_EXERCISE INSTRUCTIONS_
Return nothing but the lines from the one with "Badge of The Loyal" through the one with "Men Regular Fit" in the data below, word for word and without pictures.

═══ TASK MATERIAL ═══

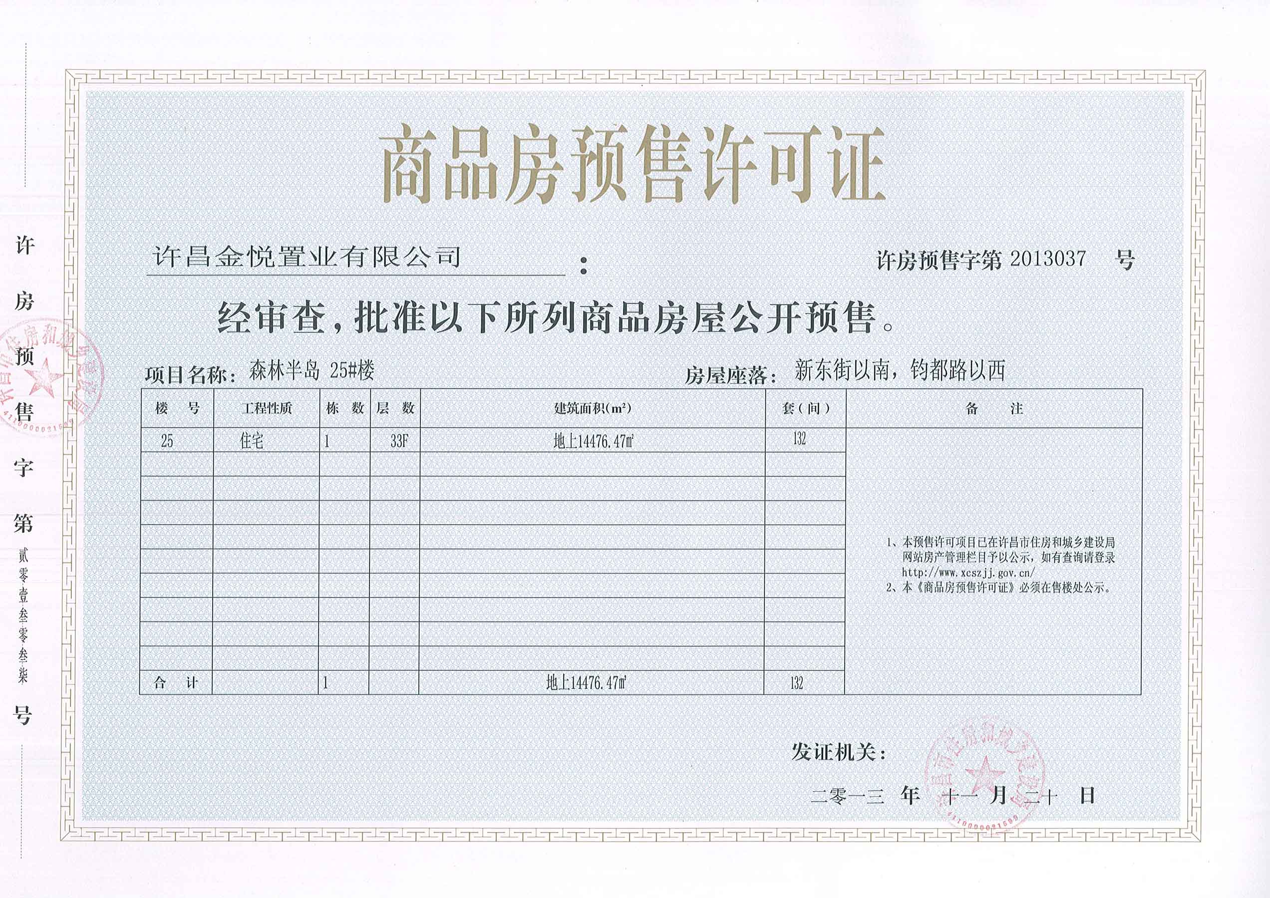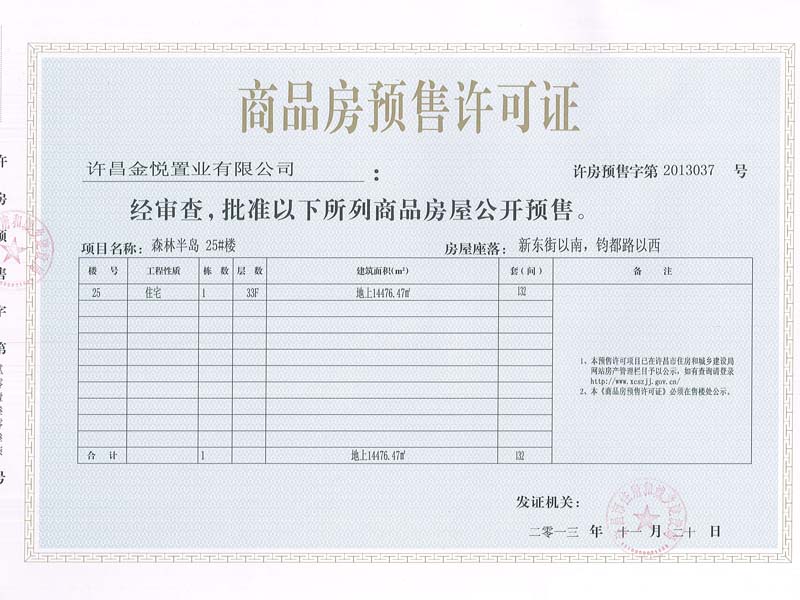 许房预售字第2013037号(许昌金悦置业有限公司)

═══
═══ TASK MATERIAL ═══

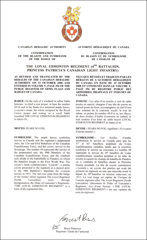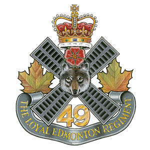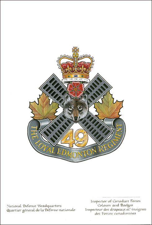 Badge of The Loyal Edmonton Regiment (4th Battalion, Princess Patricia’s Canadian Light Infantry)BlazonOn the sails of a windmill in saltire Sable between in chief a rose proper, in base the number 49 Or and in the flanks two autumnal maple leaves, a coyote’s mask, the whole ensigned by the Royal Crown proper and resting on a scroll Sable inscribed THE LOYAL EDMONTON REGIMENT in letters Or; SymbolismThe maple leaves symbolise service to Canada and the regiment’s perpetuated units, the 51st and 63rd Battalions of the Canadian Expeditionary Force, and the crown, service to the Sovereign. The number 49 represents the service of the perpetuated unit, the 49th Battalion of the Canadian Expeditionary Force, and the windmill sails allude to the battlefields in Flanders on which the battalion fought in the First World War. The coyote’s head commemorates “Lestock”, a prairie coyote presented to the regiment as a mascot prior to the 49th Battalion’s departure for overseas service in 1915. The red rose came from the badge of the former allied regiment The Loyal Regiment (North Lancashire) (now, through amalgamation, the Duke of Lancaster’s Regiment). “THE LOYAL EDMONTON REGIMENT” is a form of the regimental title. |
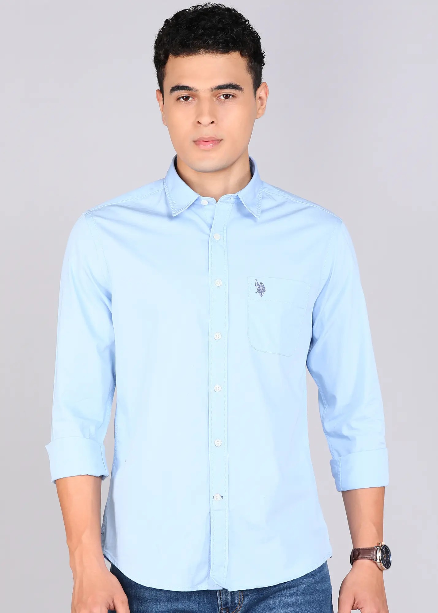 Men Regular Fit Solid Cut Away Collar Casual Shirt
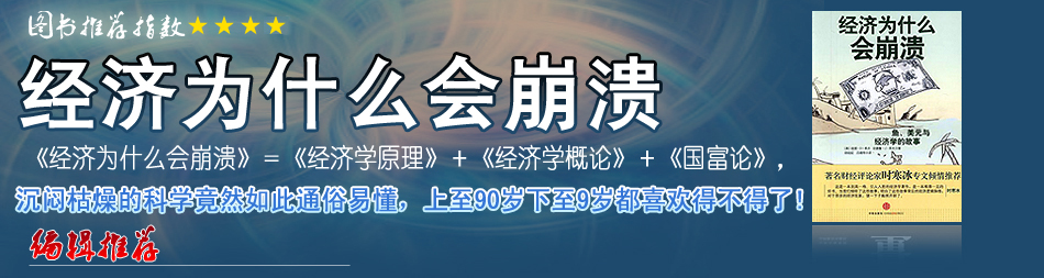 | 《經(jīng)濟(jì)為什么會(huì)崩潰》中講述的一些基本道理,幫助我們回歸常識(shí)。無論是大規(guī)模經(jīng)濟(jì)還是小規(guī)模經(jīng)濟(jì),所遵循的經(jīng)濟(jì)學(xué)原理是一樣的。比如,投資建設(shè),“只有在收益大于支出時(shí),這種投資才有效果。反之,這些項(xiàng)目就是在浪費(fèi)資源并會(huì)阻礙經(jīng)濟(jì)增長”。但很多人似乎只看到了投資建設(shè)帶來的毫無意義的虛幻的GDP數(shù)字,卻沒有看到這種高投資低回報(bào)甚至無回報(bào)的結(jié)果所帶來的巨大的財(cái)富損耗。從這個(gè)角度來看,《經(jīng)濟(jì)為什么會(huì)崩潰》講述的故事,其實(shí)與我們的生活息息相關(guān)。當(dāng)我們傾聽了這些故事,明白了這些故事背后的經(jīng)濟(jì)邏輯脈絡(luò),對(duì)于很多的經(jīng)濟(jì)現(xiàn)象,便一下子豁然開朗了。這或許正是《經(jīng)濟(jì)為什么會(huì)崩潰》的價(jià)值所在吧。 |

═══

_OUTPUT OF THE EXERCISE_
 Badge of The Loyal Edmonton Regiment (4th Battalion, Princess Patricia’s Canadian Light Infantry)BlazonOn the sails of a windmill in saltire Sable between in chief a rose proper, in base the number 49 Or and in the flanks two autumnal maple leaves, a coyote’s mask, the whole ensigned by the Royal Crown proper and resting on a scroll Sable inscribed THE LOYAL EDMONTON REGIMENT in letters Or; SymbolismThe maple leaves symbolise service to Canada and the regiment’s perpetuated units, the 51st and 63rd Battalions of the Canadian Expeditionary Force, and the crown, service to the Sovereign. The number 49 represents the service of the perpetuated unit, the 49th Battalion of the Canadian Expeditionary Force, and the windmill sails allude to the battlefields in Flanders on which the battalion fought in the First World War. The coyote’s head commemorates “Lestock”, a prairie coyote presented to the regiment as a mascot prior to the 49th Battalion’s departure for overseas service in 1915. The red rose came from the badge of the former allied regiment The Loyal Regiment (North Lancashire) (now, through amalgamation, the Duke of Lancaster’s Regiment). “THE LOYAL EDMONTON REGIMENT” is a form of the regimental title. |
 Men Regular Fit Solid Cut Away Collar Casual Shirt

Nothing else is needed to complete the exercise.